'''

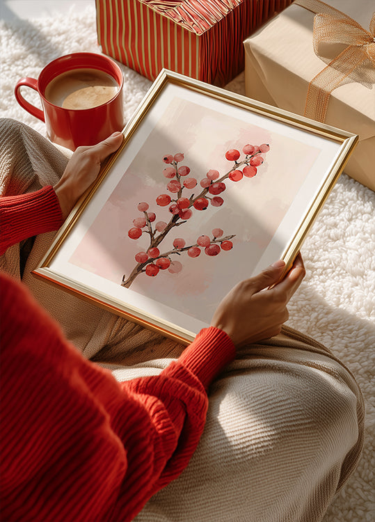 Roter Beerenzweig zachycuje poezii zimy: elegantní větev se sytě červenými bobulemi, která ostře vyniká na jemném, pastelově tónovaném pozadí. Klidná kompozice a tlumené barvy dodávají severský, minimalistický výraz, který vytváří vánoční atmosféru bez hluku - ideální pro útulnost, předsíň nebo obývací pokoj. Dotek přírody, který se hodí do moderních i klasických pokojů.
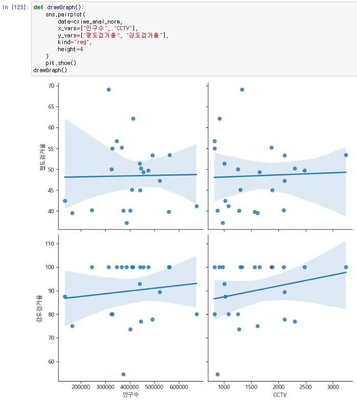 5. 인구수, CCTV와 살인/ 폭력검거율의 관계를 보자
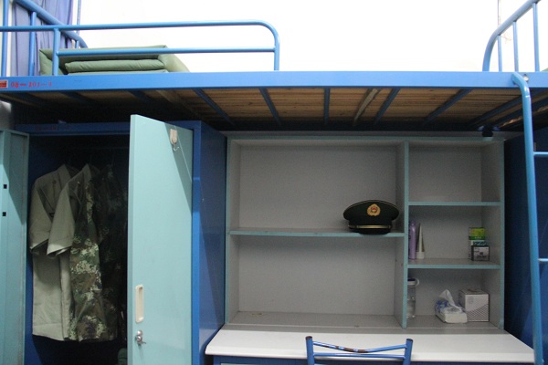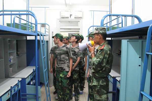 6张床铺上,枕头、棉被摆放整齐,刷牙杯整齐统一地摆在架子上;床下,鞋子一条线,摆放得整整齐齐;桌上杂物全无,地面一尘不染。俨然到了军营一般。平整的床面、整齐的衣物、统一的标准给新生们留下了深刻的印象,他们对教官规范有序的内务赞叹不已。
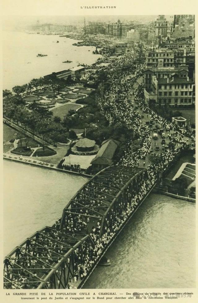 法国画刊报导上海难民由外白渡桥涌入公共租界
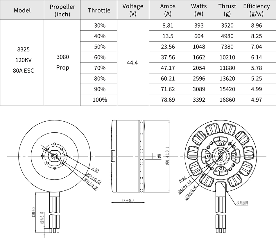 The 8325B Brushless motor for agriculture drone is a high – performance brushless DC motor, especially suitable for equipment that requires high efficiency and strong thrust. Whether it is a model aircraft, a multi – rotor drone, or other scenarios demanding powerful power, this motor can provide stable and strong power support. It can not only meet the demand for speed but also ensure long – term stable operation while guaranteeing efficiency. Whether users need flight control precision or higher power output, the 8325B Brushless motor for agriculture drone can achieve them well, making it suitable for various application scenarios that require high thrust and quick response.

'''

## Task objective
The line containing "法国画刊报导上海难民由外白渡桥涌入公共租界" marks the end; please output exactly the lines of the listing above from its first line through that line, without pictures.

## Expected answer
 Roter Beerenzweig zachycuje poezii zimy: elegantní větev se sytě červenými bobulemi, která ostře vyniká na jemném, pastelově tónovaném pozadí. Klidná kompozice a tlumené barvy dodávají severský, minimalistický výraz, který vytváří vánoční atmosféru bez hluku - ideální pro útulnost, předsíň nebo obývací pokoj. Dotek přírody, který se hodí do moderních i klasických pokojů.
 5. 인구수, CCTV와 살인/ 폭력검거율의 관계를 보자
 6张床铺上,枕头、棉被摆放整齐,刷牙杯整齐统一地摆在架子上;床下,鞋子一条线,摆放得整整齐齐;桌上杂物全无,地面一尘不染。俨然到了军营一般。平整的床面、整齐的衣物、统一的标准给新生们留下了深刻的印象,他们对教官规范有序的内务赞叹不已。
 法国画刊报导上海难民由外白渡桥涌入公共租界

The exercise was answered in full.